- Activity
Nothing but the lines from the one containing "A closeup shot" to the final line of the entries should appear, copied exactly and without pictures.

Data excerpts:
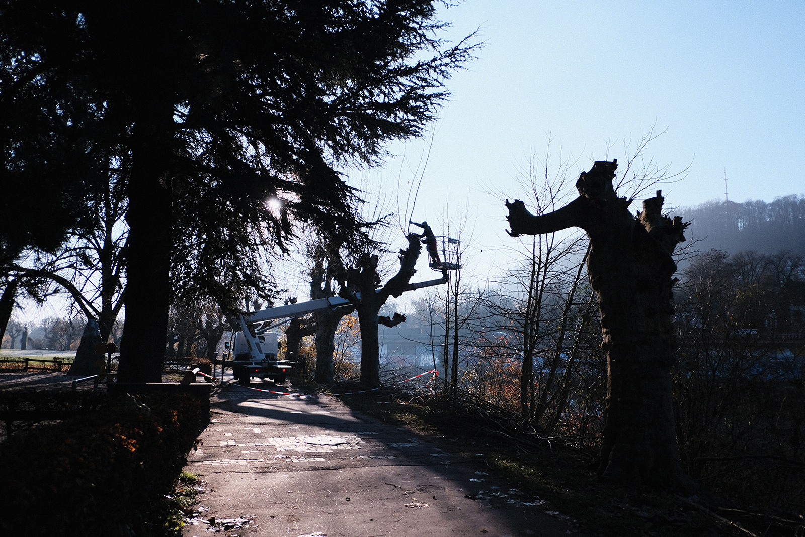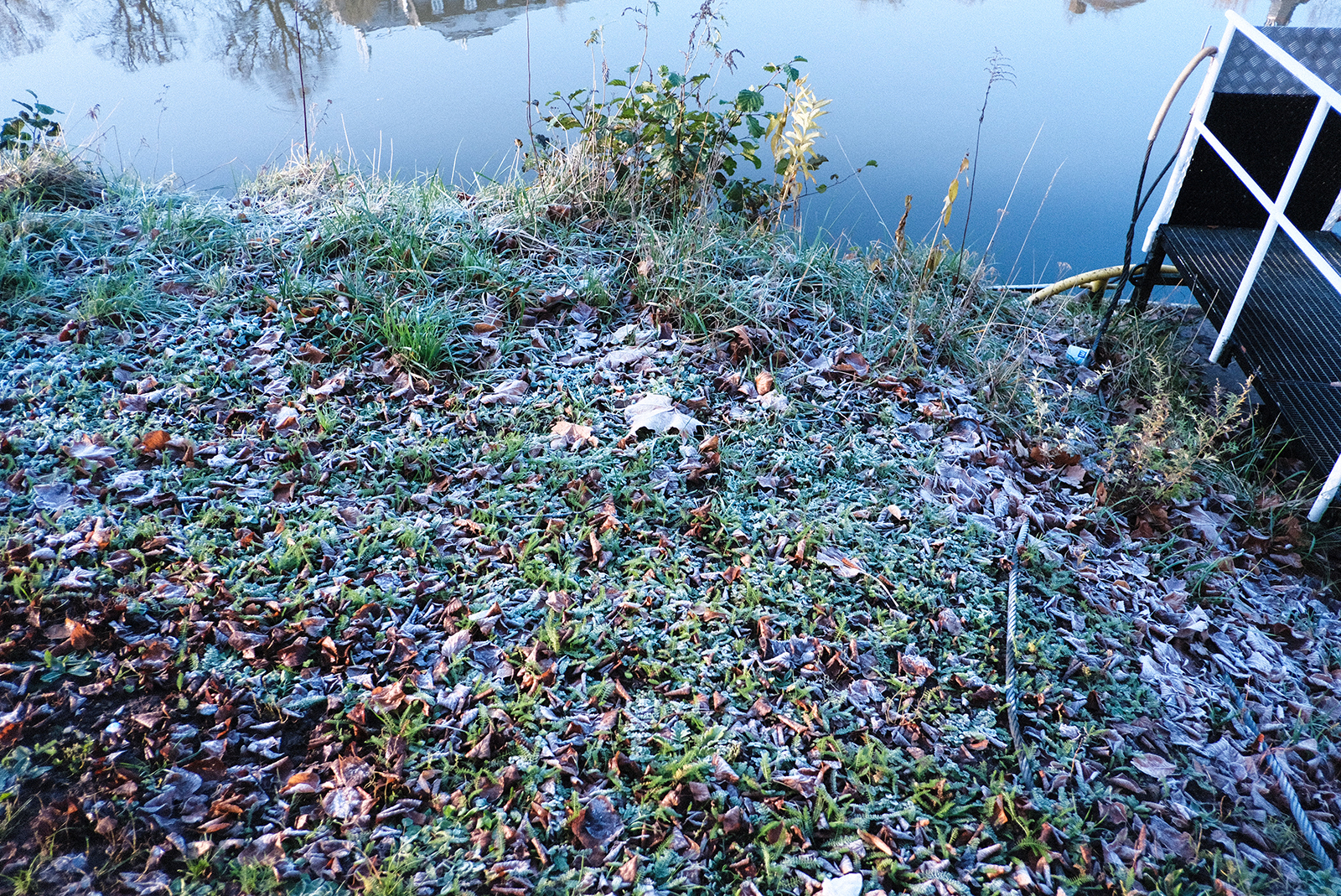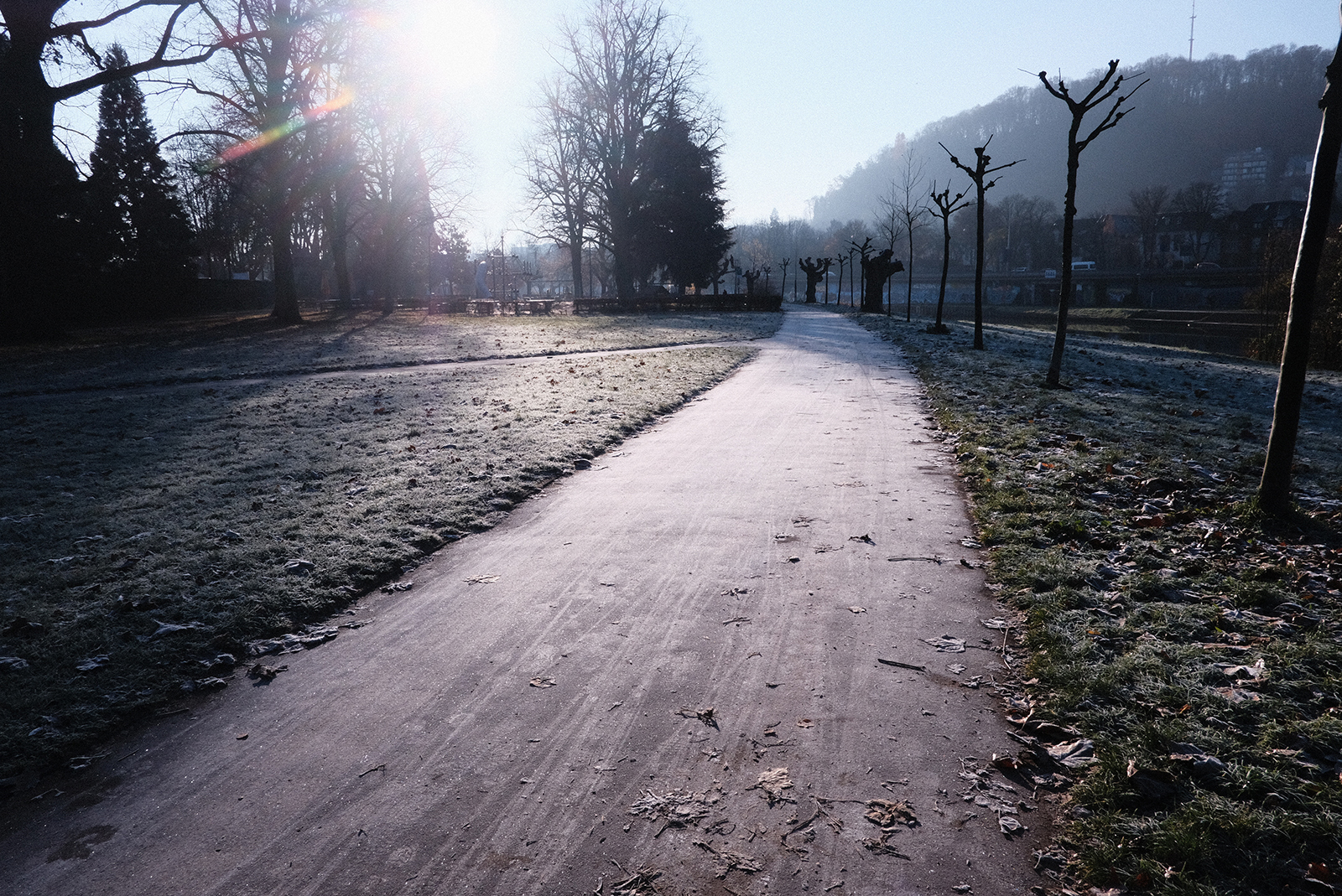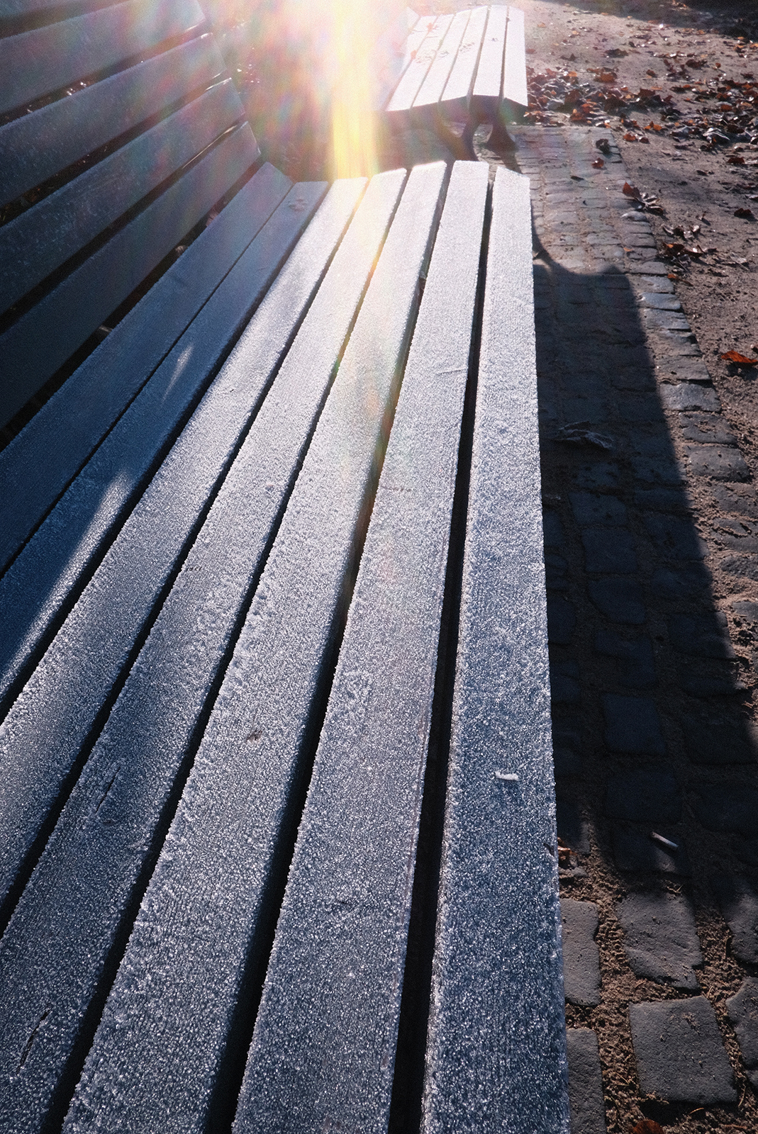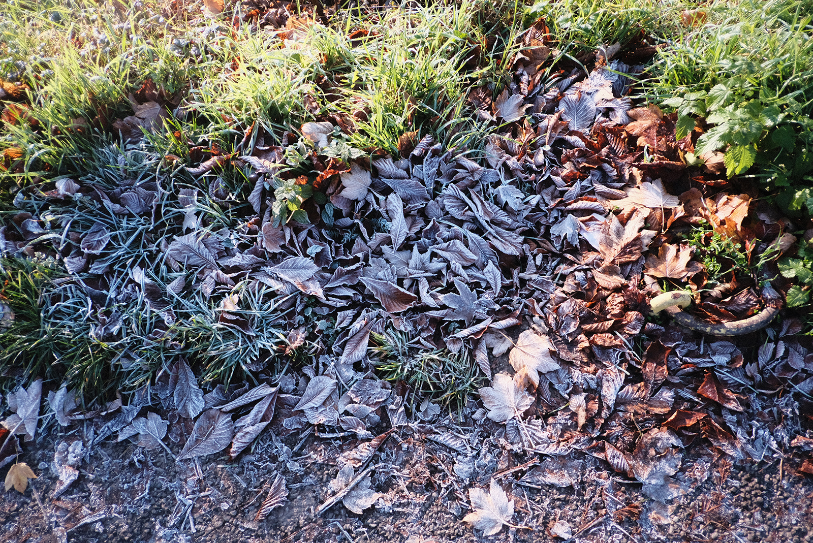 朝の気温は1度、体感温度は-3度となっていました。しかし外でもそこまでの寒さは感じられません。ただ外では霜が降りているので、その数字通り、冷えていたのかもしれません。光を受けて光る霜や真っ白になった場所、その中で作業する人、画になる朝の光景です。
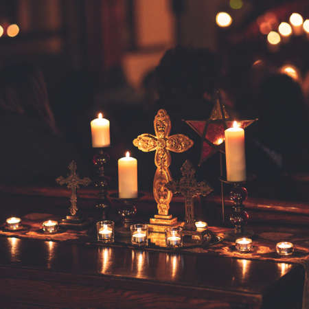 A closeup shot of lighted candles and crosses on the table
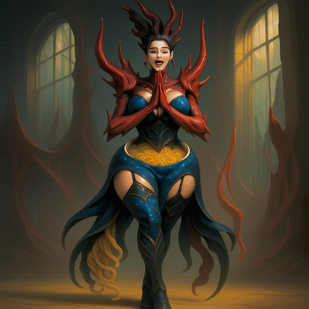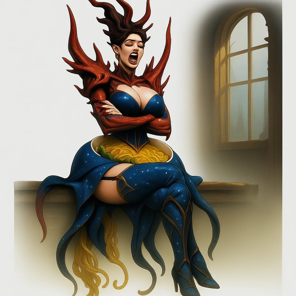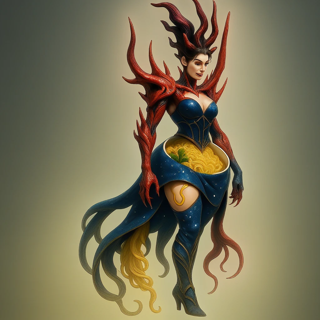 1woman, ramepelvia nyxboolta, ramen, noodles, bowl, bowl as hip, a bowl of ramen noodles as pelvis, dark blue corset, ramen abdomen, golden thigh binding, red coral armor, horns, red coral horns, claws, red claws, starry night dress, starry night fabric, asymmetrical skirt, high heels, coral hair, coral crown, body horror, mutation, food-themed
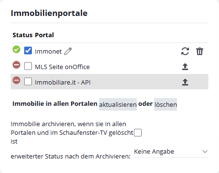 Im Beispielbild also die Portalschnittstellen zu Immowelt und ogulo.de. In diesen Portalen wird die Immobilie mit dem nächsten Portalabgleich neu eingestellt bzw. aktualisiert.
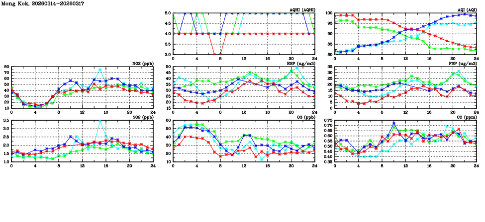 | Air Quality Data Time Series in Mong Kok (2026/03/17) | ( Line colors: Day -3 Day -2 Day -1 Current day ) | 2D Map Current AQHI |
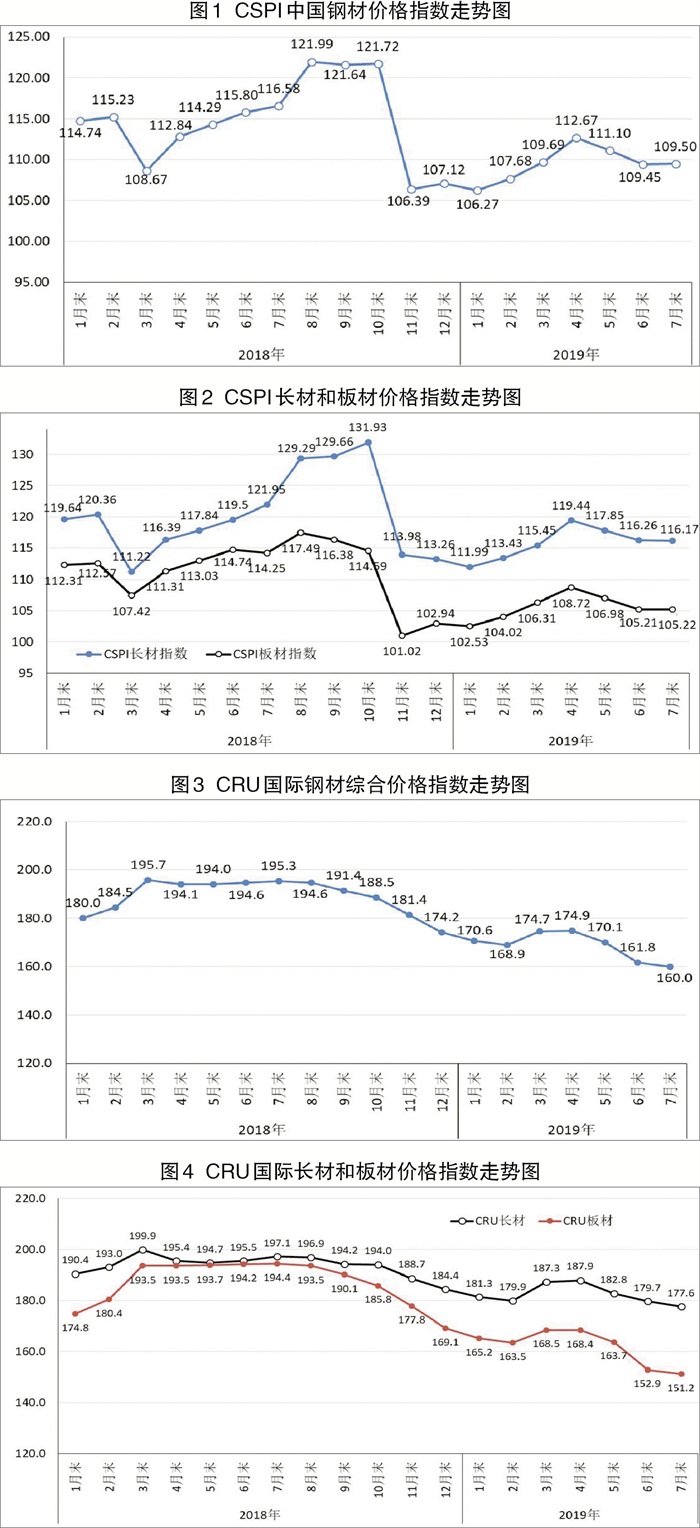 7月末,鋼協(xié)CSPI中國(guó)鋼材價(jià)格指數(shù)為109.50點(diǎn),環(huán)比上升0.05點(diǎn),升幅為0.05%,環(huán)比由降轉(zhuǎn)升;同比下降7.08點(diǎn),降幅為6.07%。(見圖1)

- Solution to the exercise
 A closeup shot of lighted candles and crosses on the table
 1woman, ramepelvia nyxboolta, ramen, noodles, bowl, bowl as hip, a bowl of ramen noodles as pelvis, dark blue corset, ramen abdomen, golden thigh binding, red coral armor, horns, red coral horns, claws, red claws, starry night dress, starry night fabric, asymmetrical skirt, high heels, coral hair, coral crown, body horror, mutation, food-themed
 Im Beispielbild also die Portalschnittstellen zu Immowelt und ogulo.de. In diesen Portalen wird die Immobilie mit dem nächsten Portalabgleich neu eingestellt bzw. aktualisiert.
 | Air Quality Data Time Series in Mong Kok (2026/03/17) | ( Line colors: Day -3 Day -2 Day -1 Current day ) | 2D Map Current AQHI |
 7月末,鋼協(xié)CSPI中國(guó)鋼材價(jià)格指數(shù)為109.50點(diǎn),環(huán)比上升0.05點(diǎn),升幅為0.05%,環(huán)比由降轉(zhuǎn)升;同比下降7.08點(diǎn),降幅為6.07%。(見圖1)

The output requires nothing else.